Greyscale-box test-driven development

Is TDD white-box testing or black-box testing?

Surely you're aware of the terms black-box testing and white-box testing, but have you ever wondered where test-driven development (TDD) fits in that picture?

The short answer is that TDD as a software development practice sits somewhere between the two. It really isn't black and white, and exactly where TDD sits on the spectrum changes with circumstances.

Black-box testing to the left, white-box testing to the right, with four grey boxes of varying greyscales in between, all four labeled TDD.

If the above diagram indicates that TDD can't occupy the space of undiluted black- or white-box testing, that's not my intent. In my experience, however, you rarely do neither when you engage with the TDD process. Rather, you find yourself somewhere in-between.

In the following, I'll examine the two extremes in order to explain why TDD rarely leads to either, starting with black-box testing.

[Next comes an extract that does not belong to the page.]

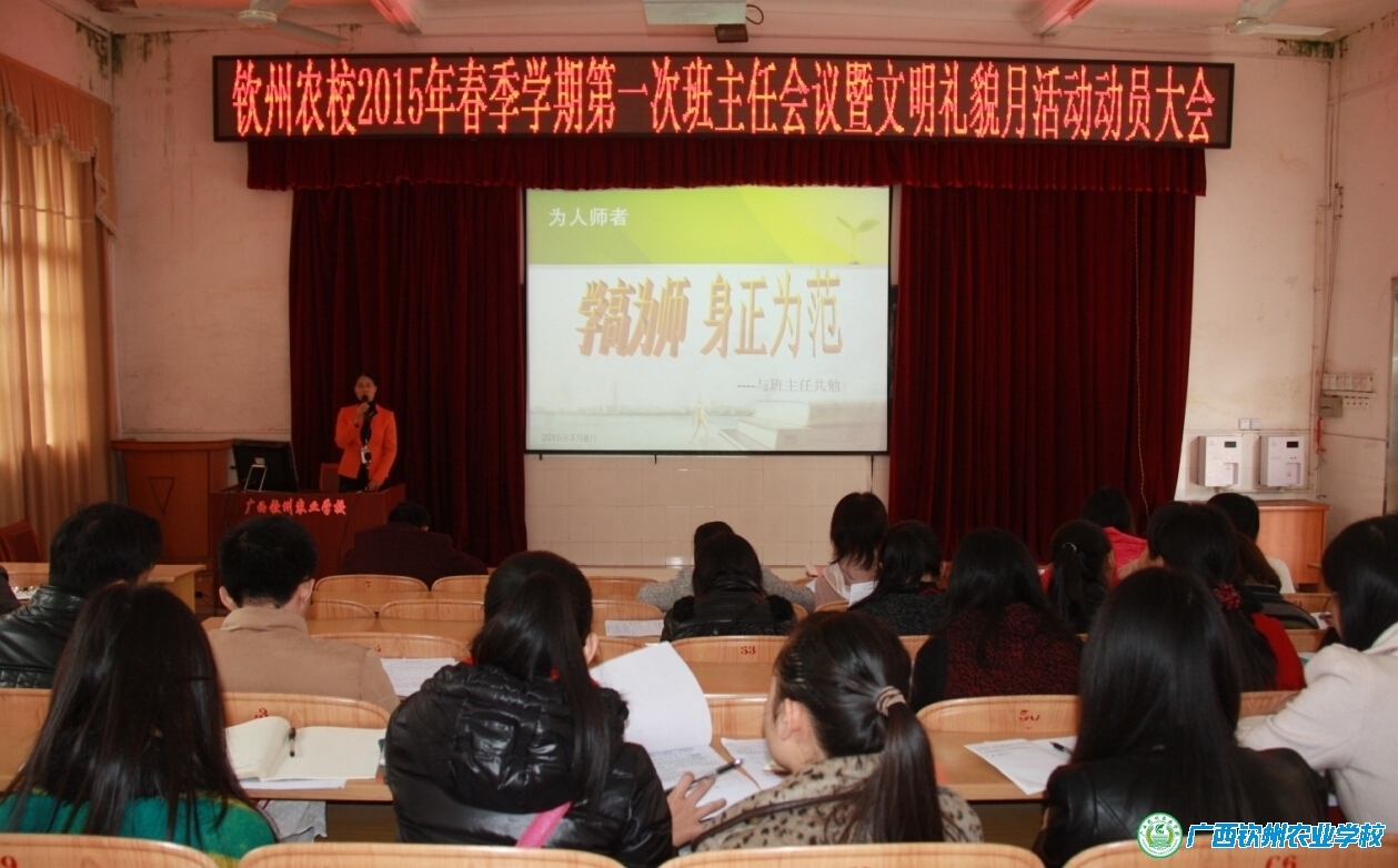 3月8日上午,我校学生科组织召开了2015年春季学期班主任培训会暨文明礼貌月活动动员大会,大会首先由学生科邓业斌科长回顾2014年秋季学期班级管理工作,对新学期进行了工作布置,解读了文明礼貌月活动方案,动员全校各班积极参与文明礼貌月活动,提高学生综合素质;接着覃一静副校长作了《学高为师,身正为范》的专题讲座,提出“八不要”和全体班主任共勉:不要缺爱心、不要无责任、不要急躁、不要爱面子、不要放任、不要硬碰硬、不要找借口和不要抱怨。

Compartmentalization of knowledge #

If you follow the usual red-green-refactor checklist, you write test code and production code in tight loops. You write some test code, some production code, more test code, then more production code, and so on.

If you're working by yourself, at least, that makes it almost impossible to treat the System Under Test (SUT) as a black box. After all, you're also the one who writes the production code.

You can try to 'forget' the production code you just wrote whenever you circle back to writing another test, but in practice, you can't. Even so, it may still be a useful exercise. I call this technique Gollum style (originally introduced in the Pluralsight course Outside-In Test-Driven Development as a variation on the Devil's advocate technique). The idea is to assume two roles, and to explicitly distinguish the goals of the tester from the aims of the implementer.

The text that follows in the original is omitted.